Transporté à l’hôpital Charles-Le Moyne, l’homme âgé de 32 ans n’a pas survécu à ses blessures. Sa femme et ses enfants s’en sont miraculeusement tirés sans séquelles graves.

Même s’ils n’ont pas gardé de traumatisme en reprenant la route, les enfants gardent malgré tout un souvenir marqué de cet épisode. « Chaque fois qu’on repasse à cet endroit, on a l’impression que l’auto fait un petit coup, même s’il [le trou] a été rempli », raconte la veuve.

Un tronçon dangereux

Selon les informations obtenues de différentes sources, le nid-de-poule fatal avait été signalé aux autorités dans les jours précédant l’accident.

Des travaux pour le colmater auraient même été faits. Le nid-de-poule est toutefois réapparu rapidement, notamment à cause de l’écoulement de l’eau provenant d’un viaduc qui surplombe l’autoroute. Des précipitations de neige et de pluie avaient eu lieu le jour du tragique événement.

« C’est dangereux. Il aurait pu y avoir plus qu’un mort », dit Jean-François Sylvestre, du Syndicat de la fonction publique et parapublique du Québec qui représente l’employé impliqué dans l’accident.

Cette portion de l’autoroute 30 est d’ailleurs bien connue pour ses multiples problèmes lors des épisodes de gel et de dégel. Hanna Horbanova, espère que personne d’autre ne vivra le même drame.

« Je voudrais que les autoroutes soient mieux faites. Les gens roulent à 100-120 km/h et à cette vitesse, il faut qu’elles soient en parfaites conditions. »

Un deuil éprouvant pour la famille

En plus de vivre le deuil de son mari, Hanna Horbanova a dû faire face à plusieurs épreuves pour espérer poursuivre son rêve de s’installer au Québec.

Comme les membres de la famille avaient pu immigrer grâce au visa de travailleur du défunt, ils ont perdu leur couverture d’assurance-maladie.
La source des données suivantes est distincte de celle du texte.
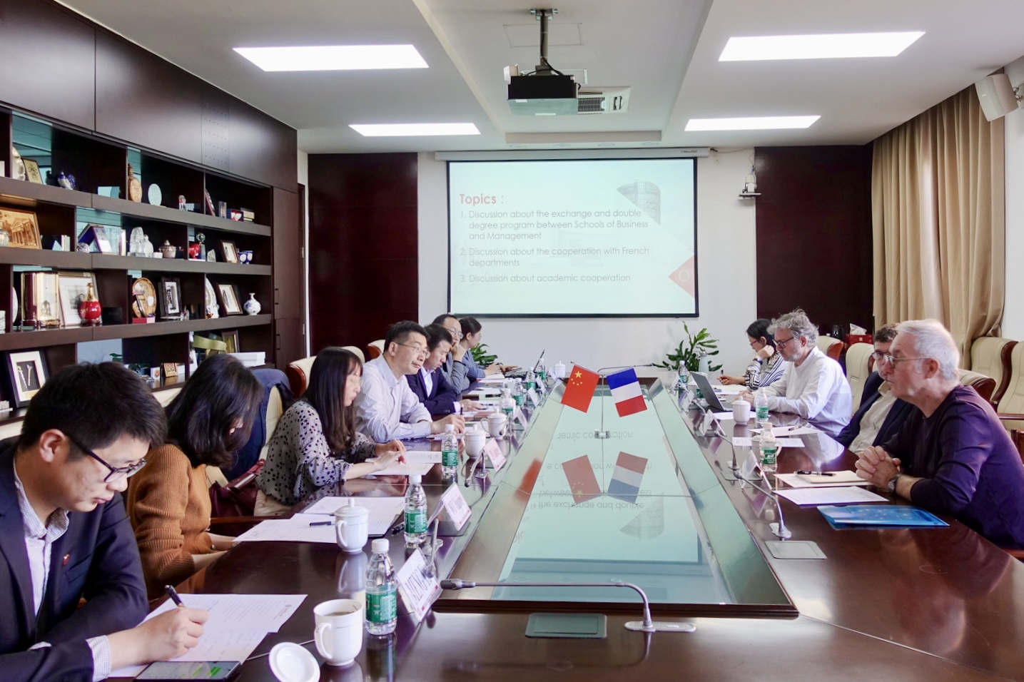 在交流讨论环节,双方代表就优化两校交换生管理服务、拓展法语言语培训、开展经管类学生联合培养以及共同设立联合科研项目的可能性等议题进行了深入探讨。

Mme Horbanova a dû rapidement contracter une assurance privée à 900 $ pour trois mois.

Même si elle a reçu une indemnisation de la Société de l’assurance automobile du Québec, elle n’a pas droit à l’aide sociale. Elle doit donc se trouver un emploi, mais comme elle ne maîtrise pas encore le français, c’est un obstacle. Elle craint d’ailleurs de devoir retourner dans son pays au mois de janvier à la fin de ses cours de francisation.

« Je me sens très mal. La seule chose qui me tient debout, ce sont les enfants. Je veux rester ici pour les élever. C’est très difficile », dit-elle.

De l’aide

La jeune femme a reçu l’aide de plusieurs personnes. Entre autres d’une préposée aux bénéficiaires de l’hôpital où son mari a rendu l’âme. Cette dernière, aussi originaire d’Ukraine, lui sert d’interprète depuis l’accident, en attendant qu’elle ait complété ses cours de francisation.

Elle a également été appuyée par l’employeur de son mari, CNC Tracy, qui lui permet de conserver le loyer fourni par l’entreprise à un prix abordable.

Finalement, une collecte de fonds a été lancée sur le site internet GoFundMe, pour l’aider à rembourser certaines dépenses pour la famille et les funérailles.